Requirement:
Pictures found in the material must be left out, and every line returned as written.
<<<<
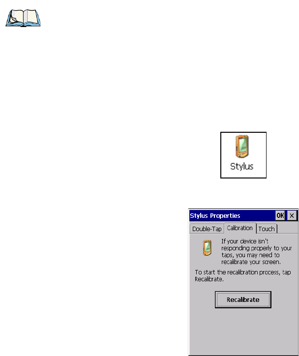 ibrated or if you find that the stylus pointer is not accurate when you tap on an item, follow
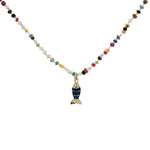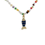 Pendentif poisson émail bleu avec zircons blancs : 15 mm x 6 mm
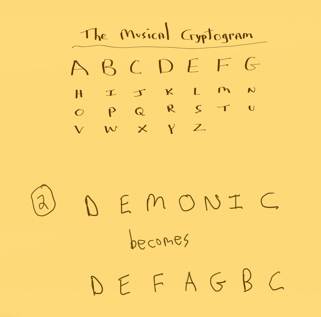 Here is what the musical cryptogram looks like for the word demonic.
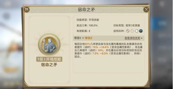 每回合有60%的概率,使自身与一名攻击最高的队友普通攻击伤害提升最高30%,并在暴击后使目标受到的攻击伤害提升最高15%,并持续一回合。(均为战时属性,并受弗雷德里克攻击属性影响可突破最高上限)
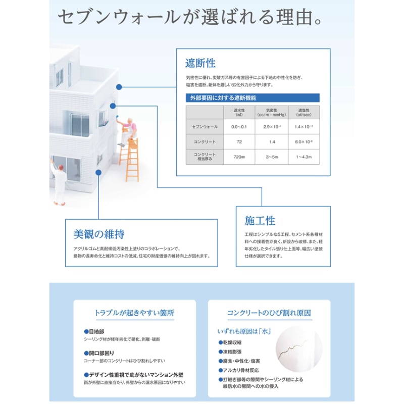 水性セブンウォールトップ W-SS は主材層の汚れを防ぎ、美観を保持するために使用します。
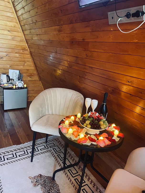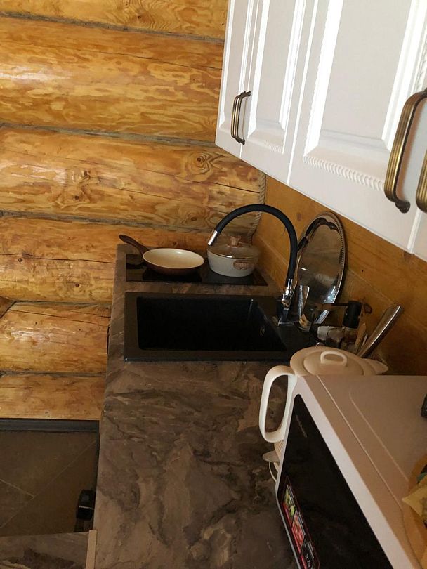 Внутри дома: одна комната, двуспальная кровать, столик, два стула, холодильник, чайник, посуда, приборы, ТВ, Wi-Fi. Душевая, совмещенная с санузлом.
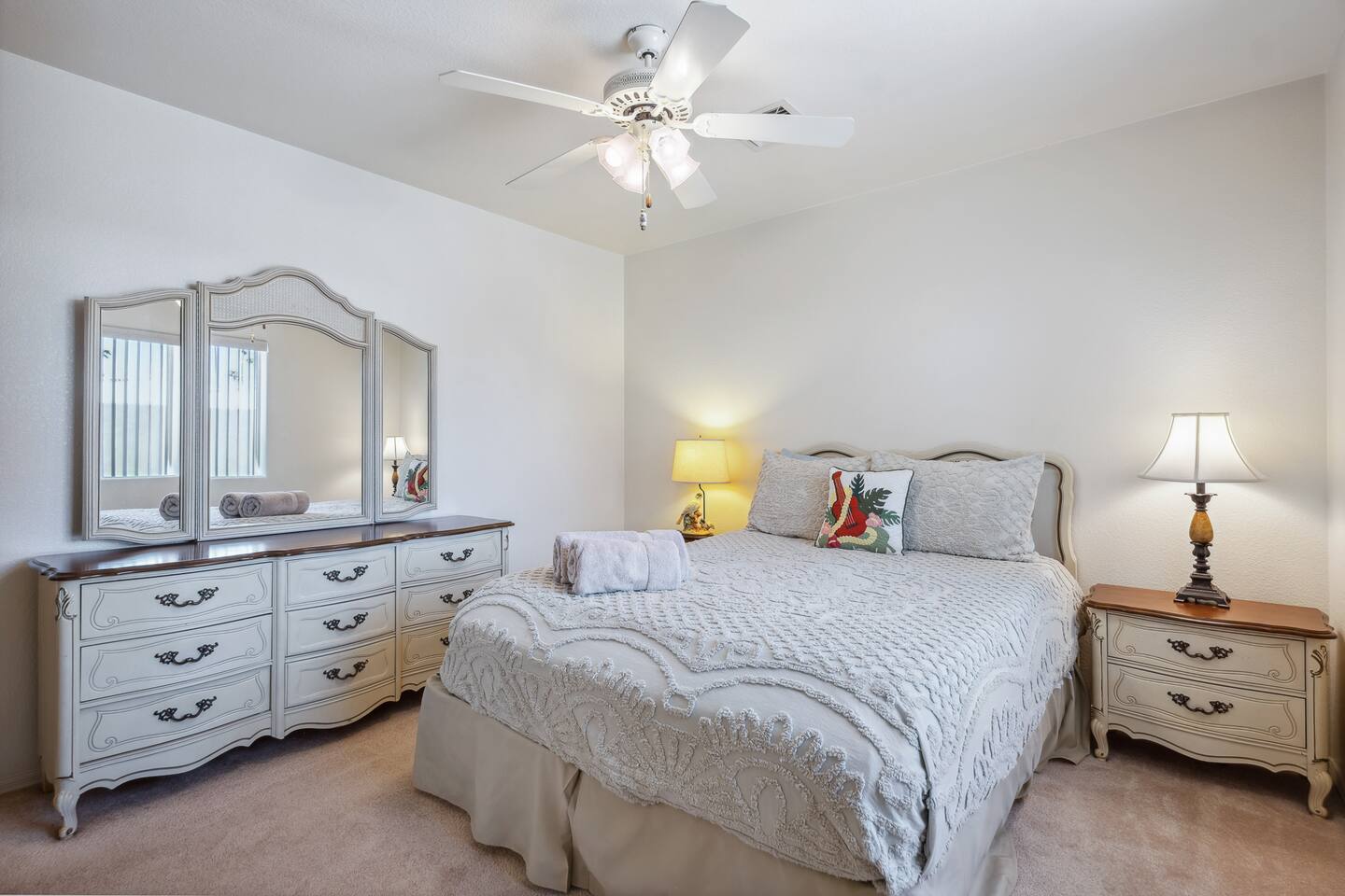 Welcome to "Lago Del Sol" in Lake Havasu, AZ! Our home is just a block from the golf course, offers three spacious bedrooms and comfortably sleeps six guests. The property boasts TONS of parking, ideal for all of your sand or water toys. Enjoy the cozy living area, a fully equipped kitchen, and a private backyard perfect for relaxation or barbecues. With its prime location near golfing, shopping, and dining, our home is the ultimate retreat for your next vacation!
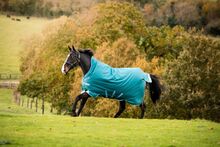 - Turnout rug made from robust, breathable 1200 D polyester - waterproof outer material protects against moisture on rainy days - the polyester lining gives the coat a beautiful sheen - a high neckline reduces pressure on the withers - with 3 adjustable belly straps for a secure fit and an optimal fit - a V-breast closure and wide leg openings offer maximum freedom of movement - reflective strips ensure improved visibility at dusk and dawn
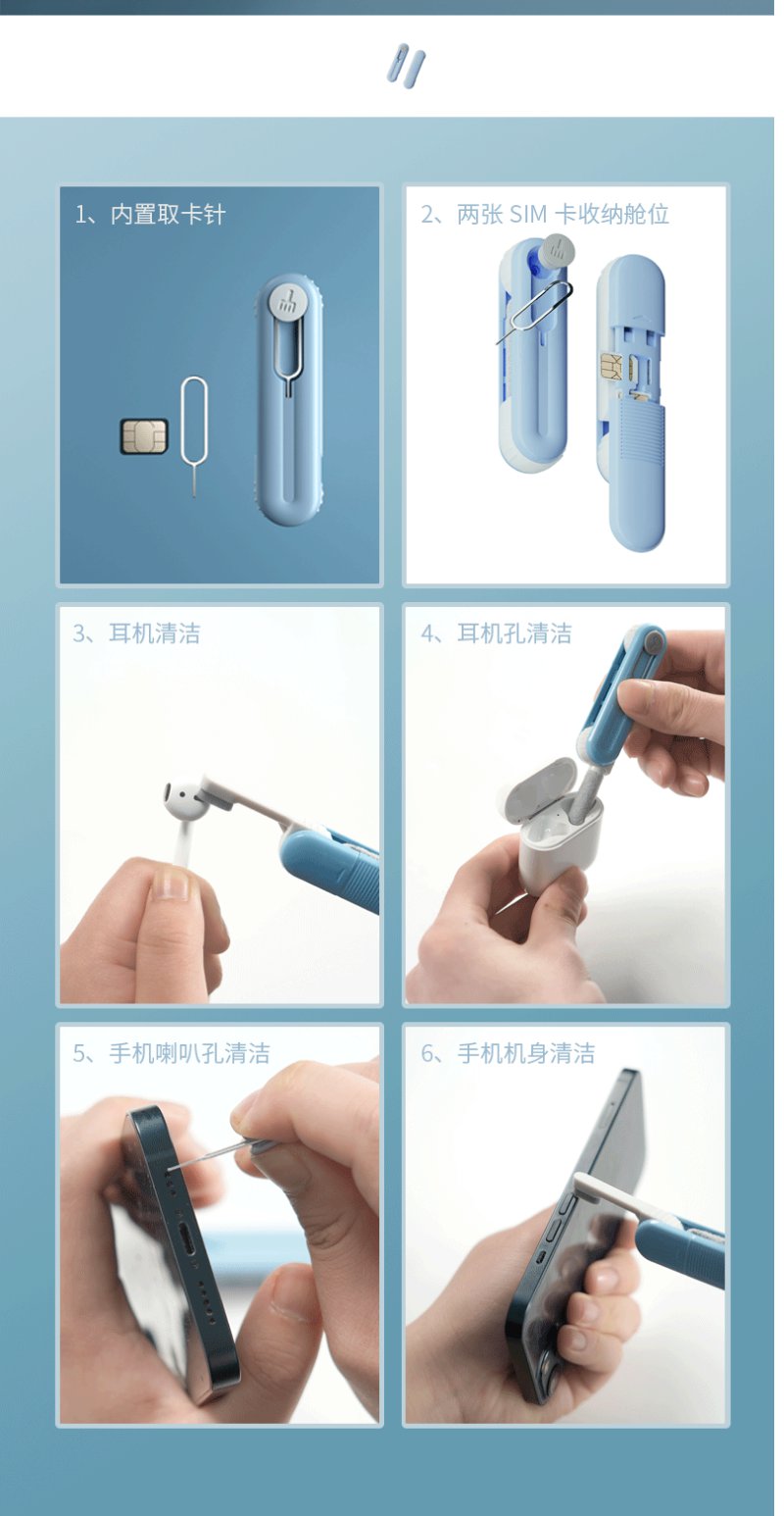 蓝牙苹果耳机清理神器手机听筒除尘工具手机孔多功能清洁刷耳机清洁笔
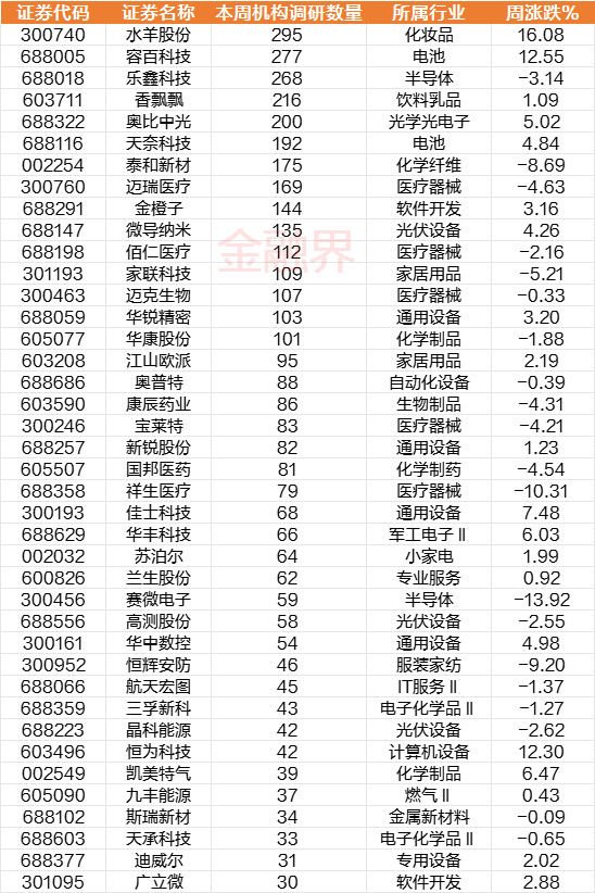 本周获得超过30家机构调研的上市公司
>>>>
Task output:
 ibrated or if you find that the stylus pointer is not accurate when you tap on an item, follow
 Pendentif poisson émail bleu avec zircons blancs : 15 mm x 6 mm
 Here is what the musical cryptogram looks like for the word demonic.
 每回合有60%的概率,使自身与一名攻击最高的队友普通攻击伤害提升最高30%,并在暴击后使目标受到的攻击伤害提升最高15%,并持续一回合。(均为战时属性,并受弗雷德里克攻击属性影响可突破最高上限)
 水性セブンウォールトップ W-SS は主材層の汚れを防ぎ、美観を保持するために使用します。
 Внутри дома: одна комната, двуспальная кровать, столик, два стула, холодильник, чайник, посуда, приборы, ТВ, Wi-Fi. Душевая, совмещенная с санузлом.
 Welcome to "Lago Del Sol" in Lake Havasu, AZ! Our home is just a block from the golf course, offers three spacious bedrooms and comfortably sleeps six guests. The property boasts TONS of parking, ideal for all of your sand or water toys. Enjoy the cozy living area, a fully equipped kitchen, and a private backyard perfect for relaxation or barbecues. With its prime location near golfing, shopping, and dining, our home is the ultimate retreat for your next vacation!
 - Turnout rug made from robust, breathable 1200 D polyester - waterproof outer material protects against moisture on rainy days - the polyester lining gives the coat a beautiful sheen - a high neckline reduces pressure on the withers - with 3 adjustable belly straps for a secure fit and an optimal fit - a V-breast closure and wide leg openings offer maximum freedom of movement - reflective strips ensure improved visibility at dusk and dawn
 蓝牙苹果耳机清理神器手机听筒除尘工具手机孔多功能清洁刷耳机清洁笔
 本周获得超过30家机构调研的上市公司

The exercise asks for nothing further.